Exercise: Transcribe exactly, and without pictures, only the lines from the one bearing "Ob koncu tega" through the final line of the data below.

Supplied material:
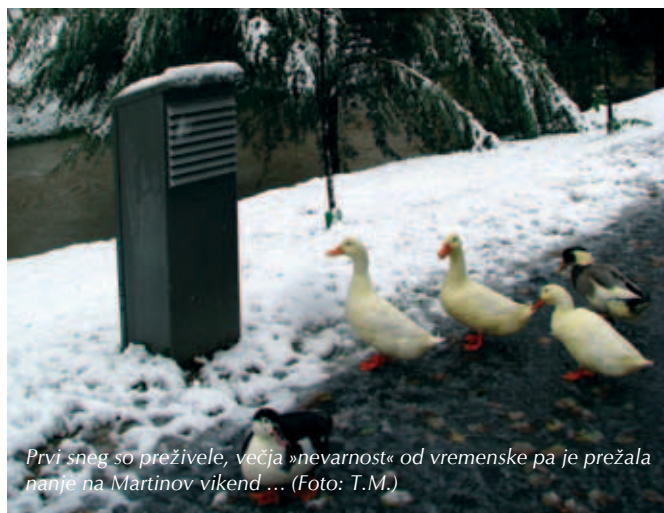
Prvi sneg so preživele, večja »nevarnost« od vremenske pa je prežala nanje na Martinov vikend ...

Ob koncu tega padavinskega dogodka na zaključku oktobra nas je obiskal še prvi sneg letošnje šele prihajajoče zime (5 cm 29. 10.). Že v bližnji Komendi ga je zapadlo enkrat več! Dva okto- brska dneva s snežno odejo (in pri sosedih štirje ...) pač nista od muh, predvsem pa se njeni sledovi poznajo v naših gozdovih, kjer je obležalo na tleh kar nekaj dreves in številne veje. Ker je večina listja takrat še vztrajala na drevju, je to prestreglo več snega kot pozimi. Vzponi na bližnjo Rašico oziroma Vrh Staneta Kosca z razglednim stolpom bodo na delih poti kar nekaj časa zahtevali krajše obvoze. Več dreves in vej je polomilo tudi po trzinskih ulicah ter obeh športnih parkih in na promenadi ob Pša- ti. Oktobrška moča je več kot dobrodošla za bodoče zaloge pitne vode, predvsem podtalnice, žal pa ni mogla nič več pomagati ti- stim letošnjim pridelkom, ki jih je odnesla suša oziroma jih zaradi nje sploh ni bilo. A pustimo se presenetiti naravi, ki se takole poi- grava z nami, saj smo tudi mi do nje vse bolj malomarni! Upajmo,
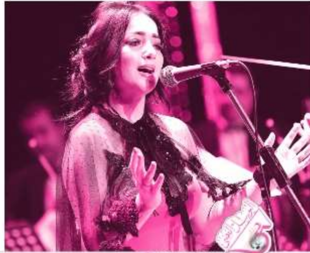
مهرجان جسر السويس لعساف

The answer:
Ob koncu tega padavinskega dogodka na zaključku oktobra nas je obiskal še prvi sneg letošnje šele prihajajoče zime (5 cm 29. 10.). Že v bližnji Komendi ga je zapadlo enkrat več! Dva okto- brska dneva s snežno odejo (in pri sosedih štirje ...) pač nista od muh, predvsem pa se njeni sledovi poznajo v naših gozdovih, kjer je obležalo na tleh kar nekaj dreves in številne veje. Ker je večina listja takrat še vztrajala na drevju, je to prestreglo več snega kot pozimi. Vzponi na bližnjo Rašico oziroma Vrh Staneta Kosca z razglednim stolpom bodo na delih poti kar nekaj časa zahtevali krajše obvoze. Več dreves in vej je polomilo tudi po trzinskih ulicah ter obeh športnih parkih in na promenadi ob Pša- ti. Oktobrška moča je več kot dobrodošla za bodoče zaloge pitne vode, predvsem podtalnice, žal pa ni mogla nič več pomagati ti- stim letošnjim pridelkom, ki jih je odnesla suša oziroma jih zaradi nje sploh ni bilo. A pustimo se presenetiti naravi, ki se takole poi- grava z nami, saj smo tudi mi do nje vse bolj malomarni! Upajmo,
مهرجان جسر السويس لعساف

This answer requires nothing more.